Part of his University experiences included being involved in student motorsport as Chief Engineer and Chassis Lead for the RMIT Formula SAE-A Combustion team.
“Every day I get to work with some of the top students at RMIT to produce a race car, which is going to be competitive around the world,” Gourlie said.
Their next major student event is the Formula SAE-A, an international competition focused on the design, construction and racing of an internal combustion or electric race car.
The event is scheduled from 6 to 10 December at Winton Motor Raceway in Melbourne, just one month before he is set to begins his placement in the United Kingdom.
Gourlie said the team’s car is podium-ready, after undergoing a complete redesign.
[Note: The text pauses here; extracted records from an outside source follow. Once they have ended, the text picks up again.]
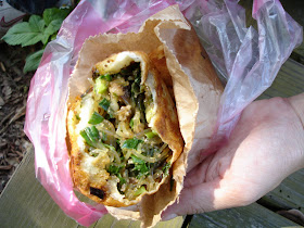 在仁愛米糕點菜的過程,李小胖跑去買了王記煎包外帶到通霄神社當飯後點心,皮薄內餡滿滿韮菜及冬粉,不錯吃,但是油了點。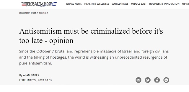 Two weeks ago, the Israeli paper the Jerusalem Post ran a column calling for “antisemitism” to be “criminalized” worldwide in order to stop criticism of Israel amid their genocidal ethnic cleansing campaign in Gaza.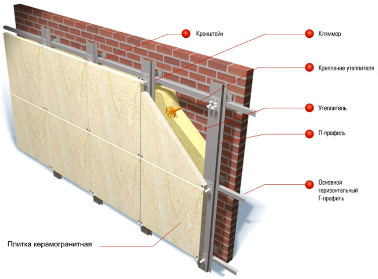 Усі елементи каркасу називають підсистемою. Матеріалом для каркасу можуть бути алюмінієві сплави, нержавіюча та оцинкована сталь. Лицьовий шар з несучою стіною з'єднують кронштейни, що є основними елементами в облаштуванні каркасу. Кронштейн захищає від впливу агресивного середовища матеріалу стінок паронітова підкладка.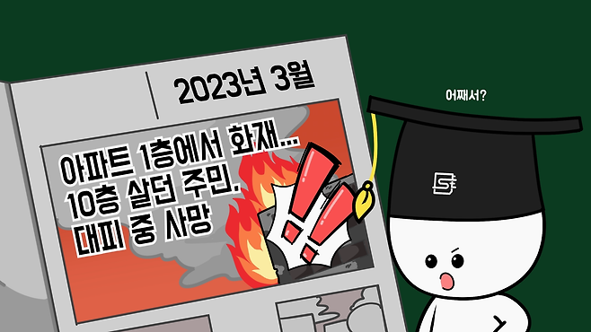 대표적인 최근 사례가 2023년 3월 1층에서 발생한 화재로 인해 10층에 살던 주민이 대피 장소가 있는 옥상으로 이동 중에 연기흡입으로 사망한 사건입니다.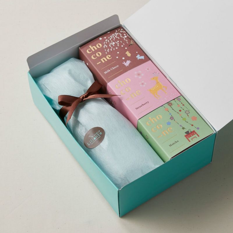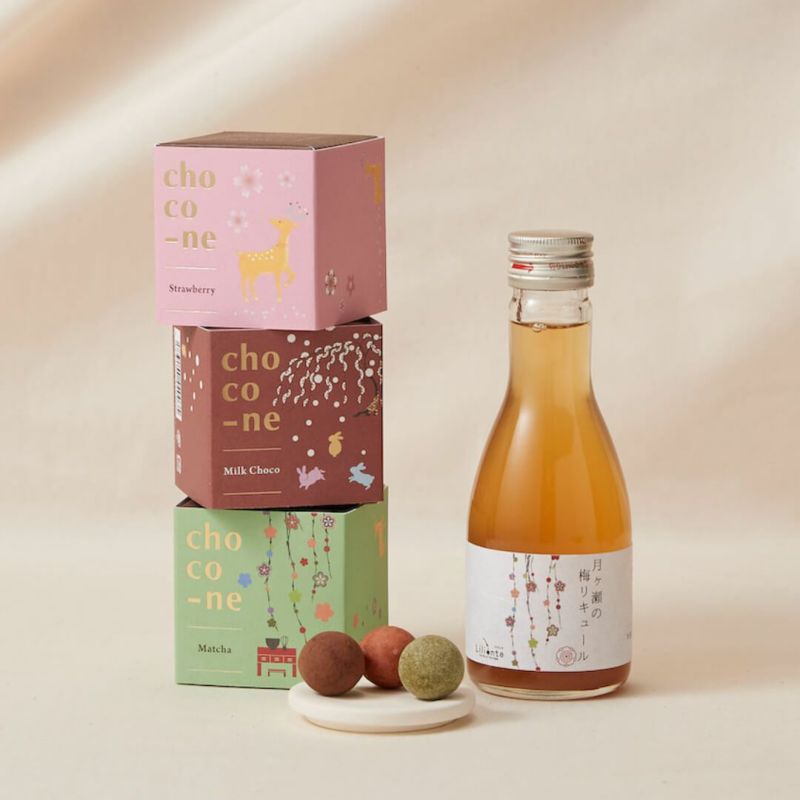 ●お酒とセットになっているショコネ3箱: いちご(あすかルビー)、ミルクチョコ、大和抹茶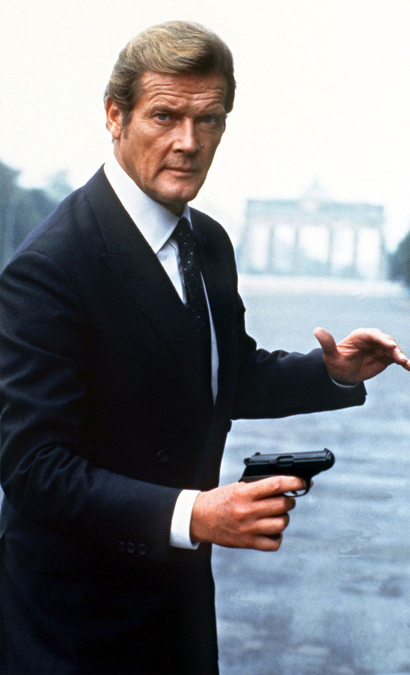 Ο σερ Ρότζερ Τζωρτζ Μουρ (Roger George Moore) ήταν Άγγλος ηθοποιός, γνωστός από τον ρόλο του Σάιμον Τέμπλαρ στην τηλεοπτική σειρά Ο Άγιος (δεκαετία του 1960) και μετέπειτα από τον ρόλο του μυστικού πράκτορα Τζέιμς Μποντ σε επτά κινηματογραφικές ταινίες, μεταξύ του 1973 και του 1985. Εργάσθηκε επίσης ως μοντέλο, ενώ εμφανίσθηκε και σε πολλές άλλες ταινίες και τηλεοπτικές σειρές, όπως οι Ιβανόης (1958–1959), Μάβερικ (1961) και κυρίως τη σειρά The Persuaders! (1971) μαζί με τον Τόνι Κέρτις.

“We have put a priority on simplicity and reliability and as such the car has had an extensive amount of work completed on fundamental automotive engineering principles,” Gourlie said.
In June, the RMIT-designed perpetual Larry Perkins Trophy, developed through an education partnership with the Australian Grand Prix Corporation (AGPC), was honoured with a Gold Award at the International A’ Design Award and Competition.
The creation was led by Senior Lecturer Dr Scott Mayson from the School of Design, with help from a multidisciplinary team of students and staff.
At the time, Mayson said: “The final product is more than just a trophy – it's a physical demonstration of what we can accomplish when we collaborate across disciplines.”
Now a small-scale replica has been presented to racing driver Jamie Whincup, who won the Coates Hire Supercars Melbourne 400 at Albert Park in March.
As part of the ongoing corporate partnership, RMIT students were also recently given the opportunity to pitch advertising campaigns to the AGPC team as part of their assessment.